Perhaps the most surprising thing about Make Russia Great Once more, Christopher Buckley'southward funny and often hilarious new novel, is how normal—sometime normal, not new normal—and relatively subdued things seem in this fictional White Firm, at least compared with real life.

To regular viewers of the all-breaking-news-all-the-time networks, Make Russia Bully Over again reads like a whispered procedural of everyday life in the 2020 White House. Herb Nutterman—a former hospitality executive at a Trump property with no previous political experience—has been named the seventh White House principal of staff for a fictional president named Donald Trump. Nutterman's sole qualification for this job is that he was a former hospitality executive at a Trump property with no previous political experience. Fans of Buckley will see in Nutterman a strong resemblance to Nick Naylor, Thank You for Smoking's lobbyist for the tobacco industry. Both take powers of rationalization and cognitive dissonance far beyond those of mortal men.

Trump and Putin
Donald Trump looks on Vladimir Putin in Buenos Aires, Argentina, on November thirty, 2018. Fictional characters bearing a strong resemblance to these two people are at the middle of Christopher Buckley's biting new satire, "Make Russian federation Great Again." Mikhail Svetlov/Getty

Nutterman is writing his memoirs from Wingdale, a federal prison; this is his letter from Camp Cupcake every bit information technology were. Information technology was Nutterman's unfortunate circumstance to become main of staff in an election year—in Russian federation. For some reason the intelligence customs came upwards with the theory that the 2016 U.S. presidential elections were meddled with past Russia and then a organization, Placid Reflux, was set up to prevent and counter any attempts to meddle in the 2020 U.Southward. elections.
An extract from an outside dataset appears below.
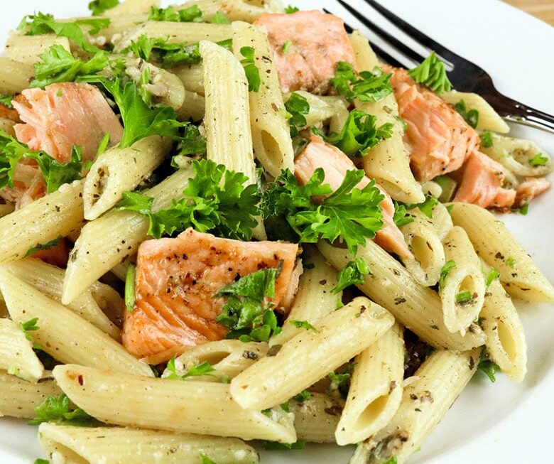 - Servimos los macarrones con salmón al momento, recién hechos.
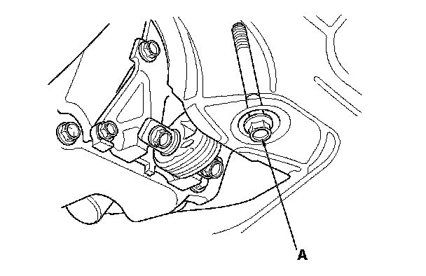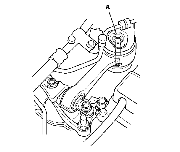 7. Loosen the lower torque rod mounting bolt (A).

All is alt-right with the world until Placid Reflux decides to return the favor and interfere in Russia'south election, and a very fictional Vladimir Putin loses to a very surprised Communist. Well mayhem ensues, as Trump does his all-time to brand Russia corking again and ensure that Putin, who in Buckley's book is actually seen as an marry of Trump, stays in power.

At this point Buckley takes us on a fictional roller-coaster ride of blackmail, intrigue, more blackmail and way more intrigue that rivals reality, well nearly, at least at press time. And this was written before the pandemic and before the George Floyd Black Lives Matter protests. At that place are no masks, no marches, no TikTok-inflated rallies, [no fill up-in-the-bare insanities that were not known at press time]. Their absence actually gives Brand Russia Great Once again an almost nostalgic entreatment.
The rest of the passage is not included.